Your job with the data below is to output exactly the lines from the one holding "Easy Installation, standard" down to the one holding "286 Pink Tubular", both included, and no others.

# # #

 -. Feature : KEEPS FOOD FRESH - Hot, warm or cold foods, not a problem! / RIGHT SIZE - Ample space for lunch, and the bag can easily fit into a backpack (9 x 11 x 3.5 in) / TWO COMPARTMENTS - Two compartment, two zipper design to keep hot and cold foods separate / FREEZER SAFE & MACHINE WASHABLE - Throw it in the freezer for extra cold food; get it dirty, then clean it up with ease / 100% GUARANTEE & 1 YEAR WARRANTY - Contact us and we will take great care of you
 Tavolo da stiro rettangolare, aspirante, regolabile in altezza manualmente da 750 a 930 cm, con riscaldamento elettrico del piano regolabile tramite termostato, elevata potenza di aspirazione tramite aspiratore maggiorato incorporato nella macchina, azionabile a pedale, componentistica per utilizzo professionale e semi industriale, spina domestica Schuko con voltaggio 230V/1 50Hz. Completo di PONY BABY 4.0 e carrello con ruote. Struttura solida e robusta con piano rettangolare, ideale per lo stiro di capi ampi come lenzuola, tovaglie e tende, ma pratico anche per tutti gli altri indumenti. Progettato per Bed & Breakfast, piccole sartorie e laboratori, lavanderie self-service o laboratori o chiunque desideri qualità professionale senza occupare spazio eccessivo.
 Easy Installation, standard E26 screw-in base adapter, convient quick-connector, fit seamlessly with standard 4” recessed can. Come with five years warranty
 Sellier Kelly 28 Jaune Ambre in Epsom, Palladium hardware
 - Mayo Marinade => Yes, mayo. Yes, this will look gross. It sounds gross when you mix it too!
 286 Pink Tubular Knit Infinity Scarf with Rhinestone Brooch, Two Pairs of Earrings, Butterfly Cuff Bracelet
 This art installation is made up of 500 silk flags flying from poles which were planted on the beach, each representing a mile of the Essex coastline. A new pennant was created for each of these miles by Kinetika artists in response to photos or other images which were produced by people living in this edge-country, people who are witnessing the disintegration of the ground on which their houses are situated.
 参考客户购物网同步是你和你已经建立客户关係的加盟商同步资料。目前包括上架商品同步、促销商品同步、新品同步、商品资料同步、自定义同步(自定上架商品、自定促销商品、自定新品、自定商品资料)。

# # #

### Response to the task
 Easy Installation, standard E26 screw-in base adapter, convient quick-connector, fit seamlessly with standard 4” recessed can. Come with five years warranty
 Sellier Kelly 28 Jaune Ambre in Epsom, Palladium hardware
 - Mayo Marinade => Yes, mayo. Yes, this will look gross. It sounds gross when you mix it too!
 286 Pink Tubular Knit Infinity Scarf with Rhinestone Brooch, Two Pairs of Earrings, Butterfly Cuff Bracelet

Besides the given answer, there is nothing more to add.